Собственно, с теплых воспоминаний о Большом Эксперименте начался после первого пара и разгонной пары пива дружеский вечер. Да, то был крутой комплексный эксперимент, к которому присоседилась куча народу. Первую скрипку играли, конечно, деятели из НИИ Физической Культуры и Спирта – эти главные ассигнования и захапали, правда, и отчет потом сами писали. Какие-то старые связи с медными касками из Министерства Нападения, какие-то старые тематики по нагрузкам на спортсменов в условиях, приближенных к боевым… В общем, поле было засыпано снегом по самое это самое, а игроков обвешали термодатчиками и регистрировали теплопродукцию тех, кому давали гомеопатические дозы спирта, сравнивая с контрольной группой, которая так согревалась.
            Ниихреновцы поучаствовали, во-первых, тем, что поставили для эксперимента 26 кубометров зеленых чертиков – застелить газон и придать ему весенний вид. Это - чтобы федерация футбола не разорялась и не сорвала опыт. Потом, правда, часть чертиков забастовала под предлогом холода, хоть и была проспиртована насквозь. Перед вторым таймом разразился скандал, и руководству Эксперимента пришлось разориться на бензин для снегоуборочных машин, а городской голова потом еще долго канючил у академика-секретаря бабки за амортизацию снежных скребков.

Фрагмент картины Алексея Меринова из интернета

Зеленые чертики – это, на самом деле, побочный продукт первых экспериментов еще древних исследователей по изучению хромосомных реакций на алкоголь. В НИИ ХРЕНА да и в городке чертики расплодились в невероятных количествах из-за обилия спирта и экспериментальных объектов, на которых они паразитировали. Иногда чертики трансмутировали в насекомых, маленьких, но очень противного вида жен и подруг, а последние несколько лет вдруг ни с того, ни с сего – в таких же маленьких и таких же противненьких начальников.

Во-вторых, это был эксперимент, конкурентный с НИИ Ветеринарии, Животноводства, Общей и Прикладной Экологии. Коробковские вывели 15 тысяч отборных фуфанов, которые уже в третьем поколении ничего кроме ректификата с витаминными добавками не потребляли. Ниивжоповские еле-еле набрали 5 тысяч хиляков. Ниихреновские победили по всем фронтам: конармейцы куда легче передвигались по снежным барханам на поле, а на трибунах их численно и качественно превосходящие фуфаны задавили жиртрестовских, которых пытались выкармливать мясными продуктами. Ясен пень, мы победили – все же спиртным в родной стране кормят уже десятки поколений, а с мясом эксперимент еще, можно считать, в самом зачатке. Где ж их брать, потомственных-то?

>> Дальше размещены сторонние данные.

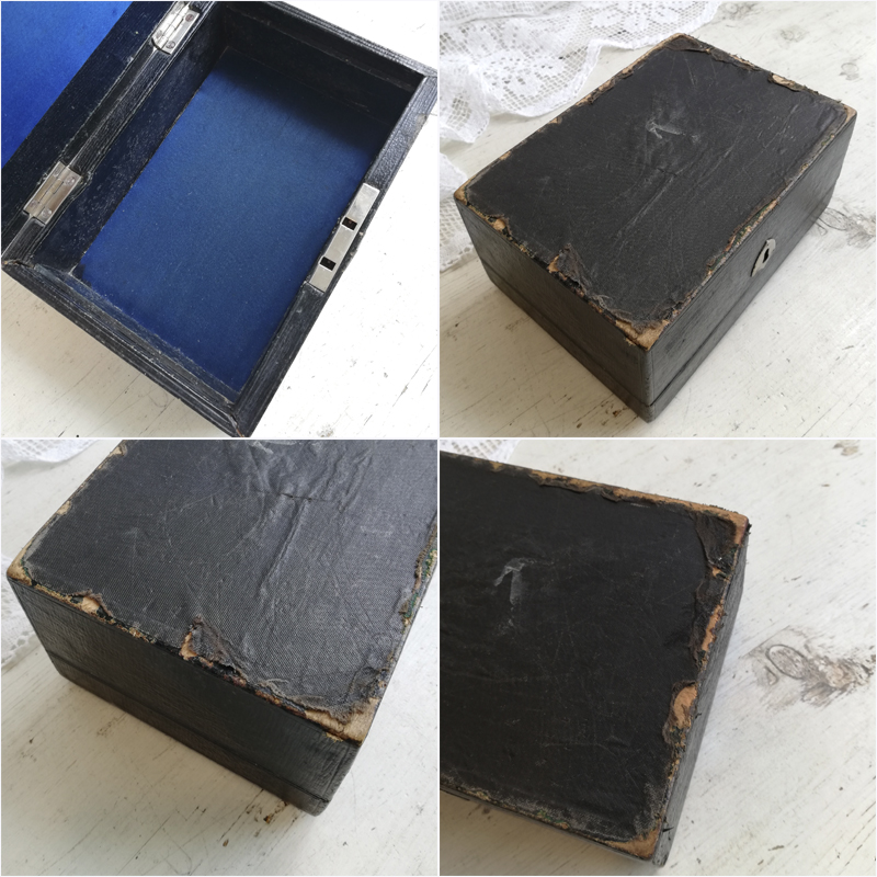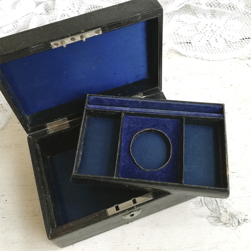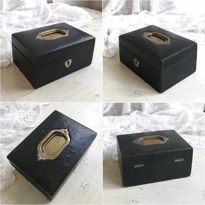 木製本体にブラックレザーで覆ったアンティークのジュエリーボックスです。

Успех был полный, Фомкин на гонорар жене даже тапочки купил, а младшему – оптическую мышку к склепанному из двух бывших 286-х компу. Коробков больше порадовался победе на футбольном поле.

* * *

Поскольку, приберегая пар для крутых, топили для научников не слишком сильно, возникла здравая мысль повысить градус за счет внутренних ресурсов. Носимый запас на этот раз позволил повысить уровень удовольствия с имеющихся 95-ти, до необходимых 120 градусов. На таком эмоциональном фоне разговор сам собой перетек на личность старшего тренера любимой команды Тверддаева, его тактические построения, что, конечно, вызвало бурную дискуссию. При этом практичный Спринклер орал: «Смотри на табло!», а скептический Коробков, считающий себя серьезным футбольным аналитиком, указывал на провалы на краях обороны и отсутствие эффективного короткого паса перед штрафной. «Ну, не интересно мне твое табло, Спринклер! Я футбол смотреть люблю, а не табло!»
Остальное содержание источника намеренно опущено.